Beginning with the line containing "Amethyst Quartz Oval" and going on through the line containing "こ購入後すぐにメールへ教材が届きます 過去問 動画に対応する テキスト 動画", the lines below are to be returned exactly, pictures excluded and nothing added.

Records for this task below:

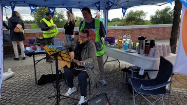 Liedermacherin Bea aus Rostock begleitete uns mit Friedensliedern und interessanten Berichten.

End of Records for this task.
Records for this task below:

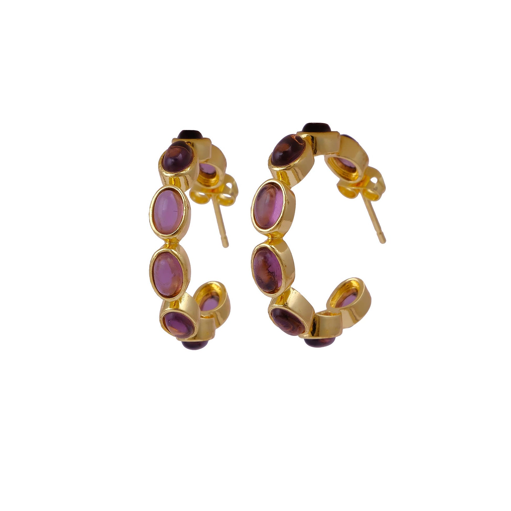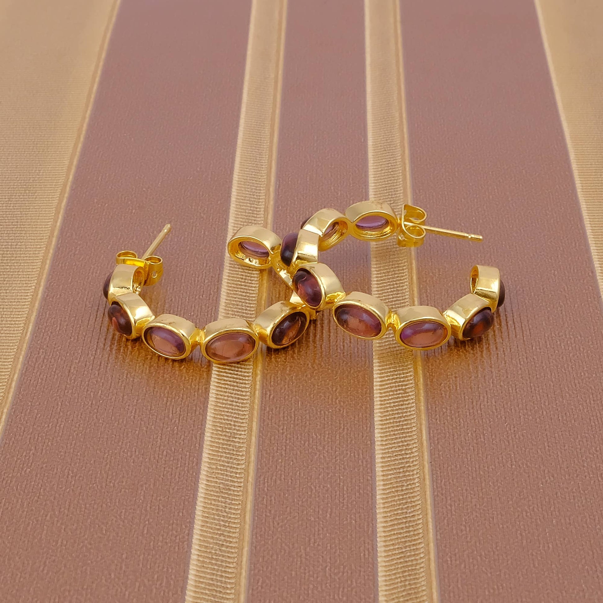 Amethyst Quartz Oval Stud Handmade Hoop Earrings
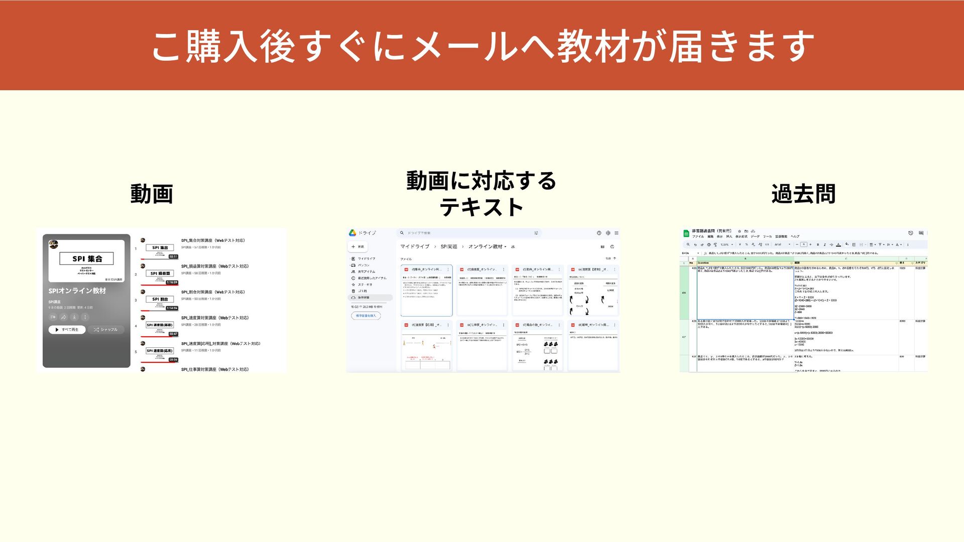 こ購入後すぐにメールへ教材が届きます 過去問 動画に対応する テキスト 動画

End of Records for this task.
Records for this task below:

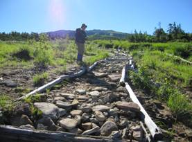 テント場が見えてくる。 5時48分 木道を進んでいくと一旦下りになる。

End of Records for this task.

Answer area
 Amethyst Quartz Oval Stud Handmade Hoop Earrings
 こ購入後すぐにメールへ教材が届きます 過去問 動画に対応する テキスト 動画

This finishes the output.